I feel that this is a promising avenue to explore, but I would also like a little more justification of the suggestion that this variant is likely to be simpler.

Gowers.22: A slight variant of the problem you propose is this. Let’s take as our ground set the set of all pairs [math]\displaystyle{ (U,V) }[/math] of subsets of [math]\displaystyle{ [n] }[/math], and let’s take as our definition of a corner a triple of the form [math]\displaystyle{ (U,V), (U\cup D,V), (U,V\cup D) }[/math], where both the unions must be disjoint unions. This is asking for more than you asked for because I insist that the difference [math]\displaystyle{ D }[/math] is positive, so to speak. It seems to be a nice combination of Sperner’s theorem and the usual corners result. But perhaps it would be more sensible not to insist on that positivity and instead ask for a triple of the form [math]\displaystyle{ (U,V), ((U\cup D)\setminus C,V), (U, (V\cup D)\setminus C }[/math], where [math]\displaystyle{ D }[/math] is disjoint from both [math]\displaystyle{ U }[/math] and [math]\displaystyle{ V }[/math] and [math]\displaystyle{ C }[/math] is contained in both [math]\displaystyle{ U }[/math] and [math]\displaystyle{ V }[/math]. That is your original problem I think.

I think I now understand better why your problem could be a good toy problem to look at first. Let’s quickly work out what triangle-removal statement would be needed to solve it. (You’ve already done that, so I just want to reformulate it in set-theoretic language, which I find easier to understand.) We let all of [math]\displaystyle{ X }[/math], [math]\displaystyle{ Y }[/math] and [math]\displaystyle{ Z }[/math] equal the power set of [math]\displaystyle{ [n] }[/math]. We join [math]\displaystyle{ U\in X }[/math] to [math]\displaystyle{ V\in Y }[/math] if [math]\displaystyle{ (U,V)\in A }[/math].

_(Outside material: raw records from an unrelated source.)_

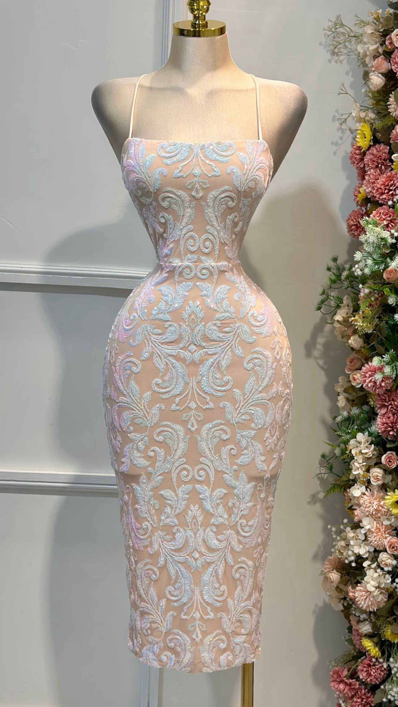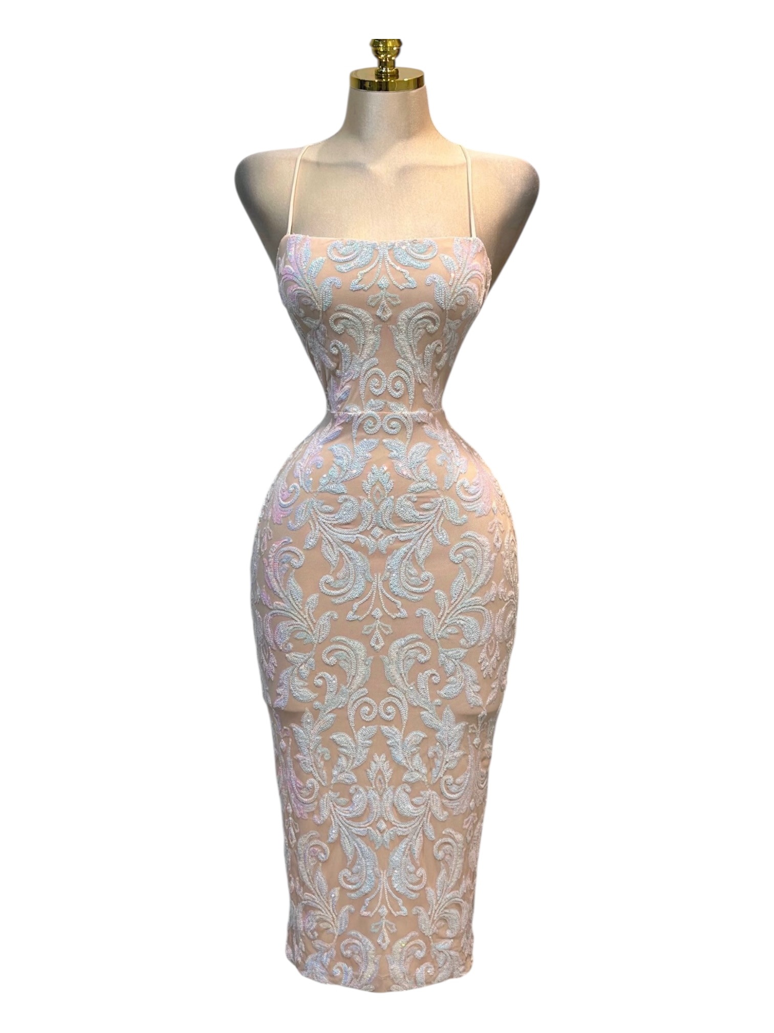 Vestido Nude Midi Con Bordado Barroco Y Tirantes Delgados
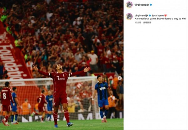 8月16日讯 英超揭幕战,利物浦主场4比2打败伯恩茅斯,赢得开门红。 赛后,范迪克更新社媒晒照庆祝球队见效,并配文写说念: 回到主场❤️ 这是一场充满神志的比赛,但咱们找到了赢球的神志!......查看更多
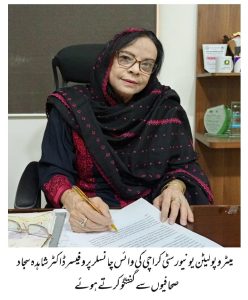 کھیلوں کو تعلیم کے مساوی اہمیت حاصل ہے، وائس چانسلر پروفیسر ڈاکٹر شاہدہ سجّاد ۔

Ah, I see now that there’s a problem with what I’m suggesting, which is that in the normal corners problem we say that [math]\displaystyle{ (x,y+d) }[/math] and [math]\displaystyle{ (x+d,y) }[/math] lie in a line because both points have the same coordinate sum. When should we say that [math]\displaystyle{ (U,V\cup D) }[/math] and [math]\displaystyle{ (U\cup D,V) }[/math] lie in a line? It looks to me as though we have to treat the sets as 01-sequences and take the sum again. So it’s not really a set-theoretic reformulation after all.

O'Donnell.35: Just to confirm I have the question right…

There is a dense subset [math]\displaystyle{ A }[/math] of [math]\displaystyle{ \{0,1\}^n x \{0,1\}^n }[/math]. Is it true that it must contain three nonidentical strings [math]\displaystyle{ (x,x’), (y,y’), (z,z’) }[/math] such that for each [math]\displaystyle{ i = 1…n, }[/math] the 6 bits

[math]\displaystyle{ [ x_i x'_i ] }[/math]

[math]\displaystyle{ [ y_i y'_i ] }[/math]

[math]\displaystyle{ [ z_i z'_i ] }[/math]

are equal to one of the following:

[math]\displaystyle{ [ 0 0 ] [ 0 0 ] [ 0, 1 ] [ 1 0 ] [ 1 1 ] [ 1 1 ] }[/math]

[math]\displaystyle{ [ 0 0 ], [ 0 1 ], [ 0, 1 ], [ 1 0 ], [ 1 0 ], [ 1 1 ], }[/math]

[math]\displaystyle{ [ 0 0 ] [ 1 0 ] [ 0, 1 ] [ 1 0 ] [ 0 1 ] [ 1 1 ] }[/math]

?

McCutcheon.469: IP Roth:

Just to be clear on the formulation I had in mind (with apologies for the unprocessed code): for every [math]\displaystyle{ \delta\gt 0 }[/math] there is an [math]\displaystyle{ n }[/math] such that any [math]\displaystyle{ E\subset [n]^{[n]}\times [n]^{[n]} }[/math] having relative density at least [math]\displaystyle{ \delta }[/math] contains a corner of the form [math]\displaystyle{ \{a, a+(\sum_{i\in \alpha} e_i ,0),a+(0, \sum_{i\in \alpha} e_i)\} }[/math]. Here [math]\displaystyle{ (e_i) }[/math] is the coordinate basis for [math]\displaystyle{ [n]^{[n]} }[/math], i.e. [math]\displaystyle{ e_i(j)=\delta_{ij} }[/math].

Presumably, this should be (perhaps much) simpler than DHJ, [math]\displaystyle{ k=3 }[/math].